News Release

'Fishboys' - the new cowboys of a world dependent on water...and ceramics.

Peer-Reviewed Publication

Institute of Materials

'Fishboys' herding schools of fish, in seas converted into giant fish ranches, could become more fact than fiction in the next century, according to Professor Robert E Newnham speaking today [Tuesday 22 June] at the European Ceramics Society conference organised by The Institute of Materials. Naturally 'grown' submarine sea walls and 'fish-herding' sonar devices built from transceivers that interpret 'fish talk' represent a small part of the technological requirements that ceramist engineers and scientists will have to fill.

According to Professor Newnham, from Penn State University, USA, providing enough food and clean water for a world population as high as 11.5 billion (UN estimate for 2150) will be reliant on the water-based technologies of irrigation, desalination, filtration and aquaculture. A vital part of these technologies is dependent on ceramic materials and future development of ceramic based technologies.

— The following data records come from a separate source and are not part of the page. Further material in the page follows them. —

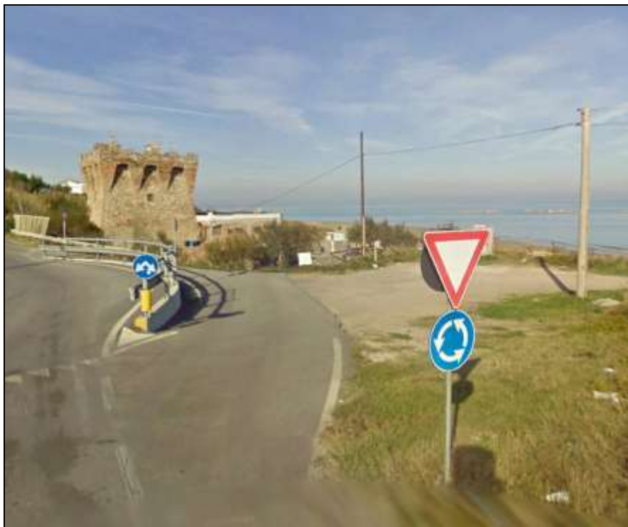
Immagine 2 - Rotonda stradale in prossimità della Torretta (tra Sez. 2 e 3)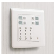
Контроллер управления освещением

Более 200 усовершенствованных функций, позволяющих потребителю оборудовать офис и организовать рабочие места.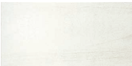
PC-36-417 (半磨き面・ハニーミルク)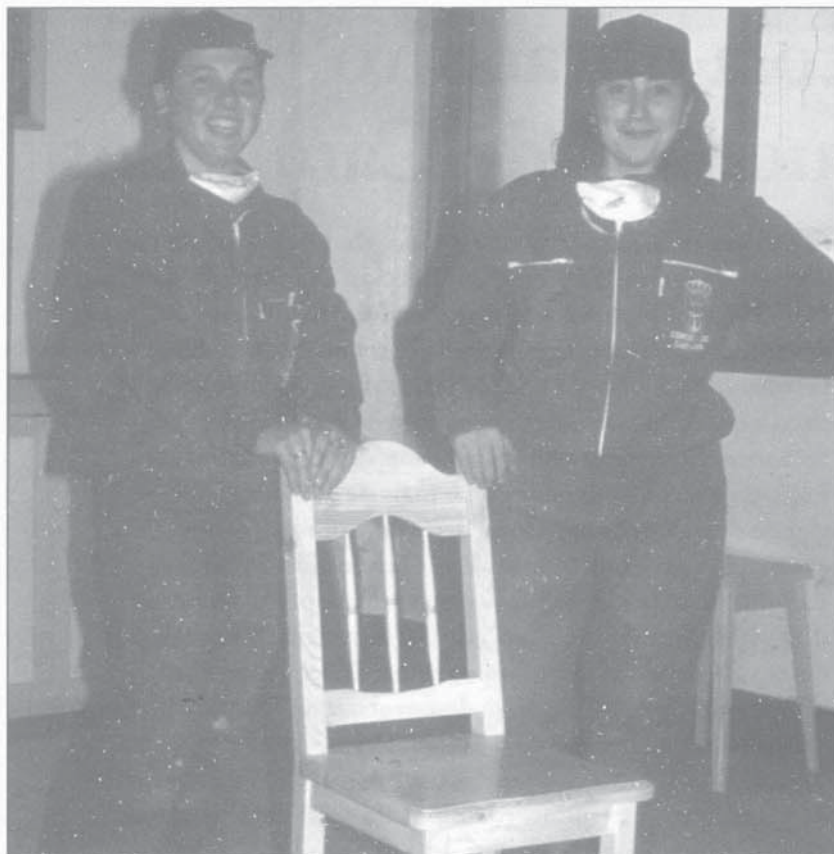
1.- Elaboración dun proxecto persoal.

a realización dunha experiencia novedosa, tanto no que se refire ó seu planteamento dentro da Formación Ocupacional, como a súa aplicación práctica e conseguinte repercusión social: o Servicio de Axuda a Domicilio.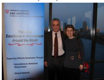
Harvard, Ash Institute, Harvard Conference of the Global Innovators in governance , 2008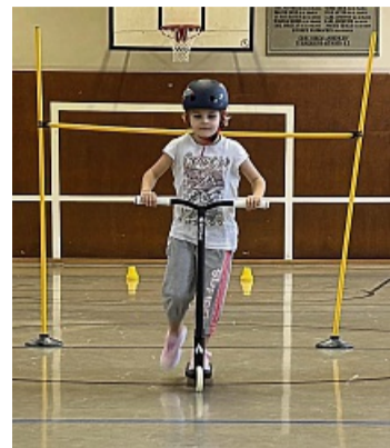
Unter einer Stange und anschließend zwischen zwei Hütchen durch war die Aufgabe, die in der Schwierigkeit mit Anpassung der Höhe der Stange und dem Abstand der Hütchen verändert wurde.

Von den Grundschulen in der Region kann das Angebot kostenfrei für zwei Schulwochen gebucht werden. Zusätzlich muss eine Lehrkraft an einer entsprechenden Fortbildung teilgenommen haben. Zuvor wurde der Container mit der Ausrüstung durch den Bauhof Hann. Münden in Göttingen von einer anderen Grundschu-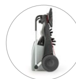
Dimensions compactes: facile à ranger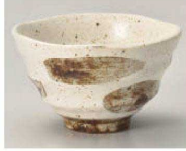
ユ350-139 茶刷毛 茶碗 φ11.5×6.8cm (陶) JPN 1,250円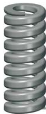
5. Ultrahög belastning Se separat tabell sid. 69.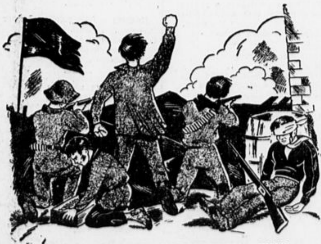
РЕБЯТА-КОММУНАРЫ НА БАРРИКАДАХ ПАРИЖА.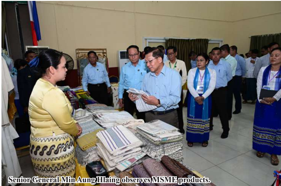
Senior General Min Aung Hlaing observes MSME products.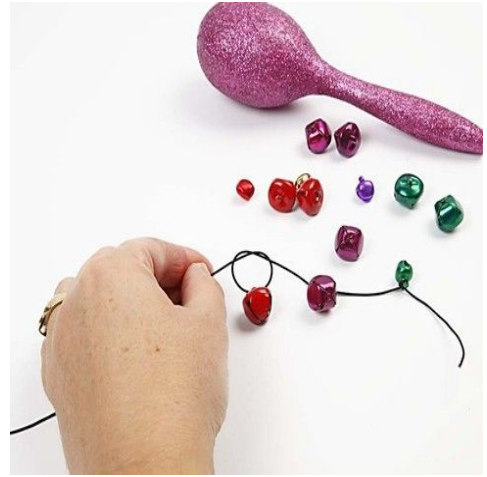
4. Bjælder bindes på elastik.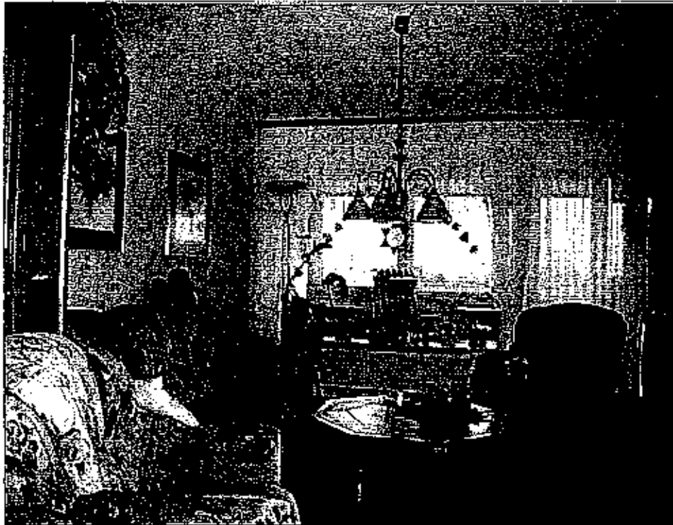
Das Wohnzimmer von Helga Lorenzen (69), die selbst nicht fotografiert werden wollte.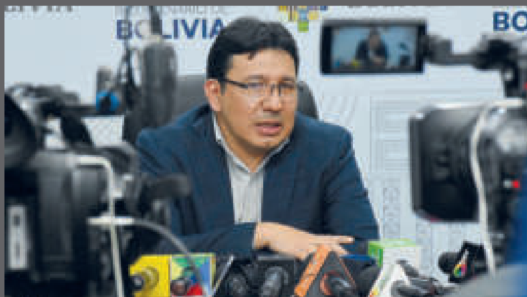
El ministro de Hidrocarburos y Energía, Franklin Molina.

“La biotecnología que se produzca tiene que ser soberana, con patente propia”.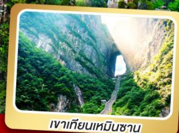
เวาเทียนเหมินชาน

ทริปเดียวเที่ยว 2 เมืองโบราณ ฝูหรงและเฟิ่งหวง ลิ้มรส สุกี้เด็ด ปิ้งย่างเกาหลี เปิดปิกนิก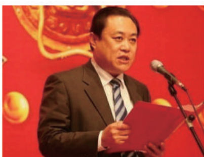
临沂市旅游局长 支富增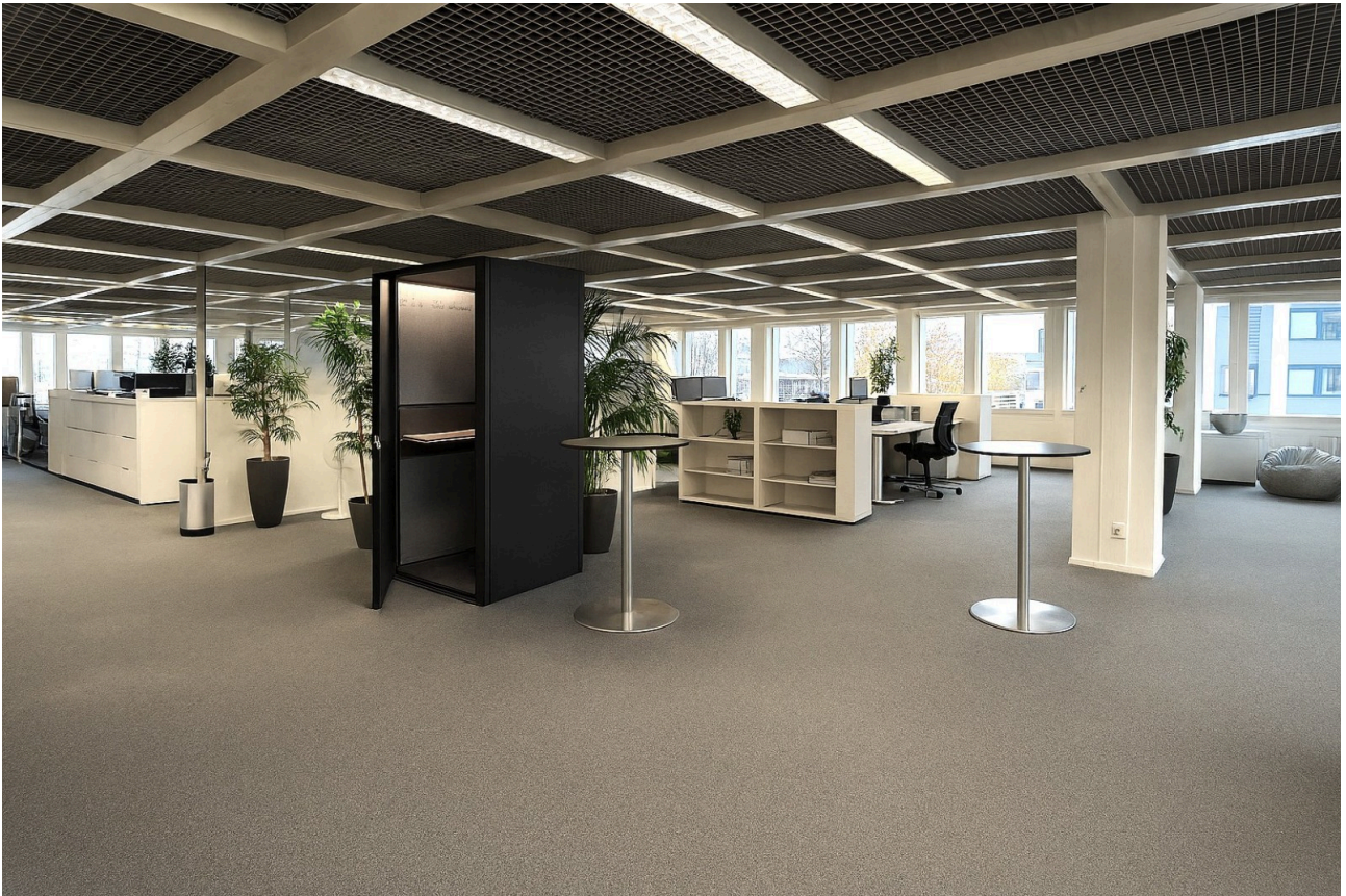
Platz für Ideen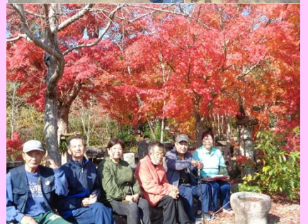
上の写真は「野岳湖」下は「宮崎農園」です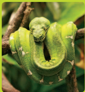
ЧЕШУЙЧАТЫЕ 96,3 %

Специалисты делят современных рептилий на 4 отряда.

These engineering megaworks will be matched in the future by a scaling down of ceramic materials to meet the demands of nanotechnology. Scaling down of high tech ceramics and electroceramics will lead to increasing integration and miniaturisation. Coupled with a greater understanding of how the human brain functions, these ceramics could bring about increased integration of the organic and inorganic. "The age of engineering microworks is upon us, and in the coming century a global system will evolve which involves the integration of human and machine intelligence," says Professor Newnham. "This will come about," he says, "[as]ceramic electronic and optical components are made smaller and smaller until they disappear inside integrated inorganic systems which rival biological systems both in scale and complexity."

"In the coming century," he says, " there will be a confluence of organic and inorganic life into some type of composite life form, perhaps an immortal life form, with a common consciousness that transcends living beings."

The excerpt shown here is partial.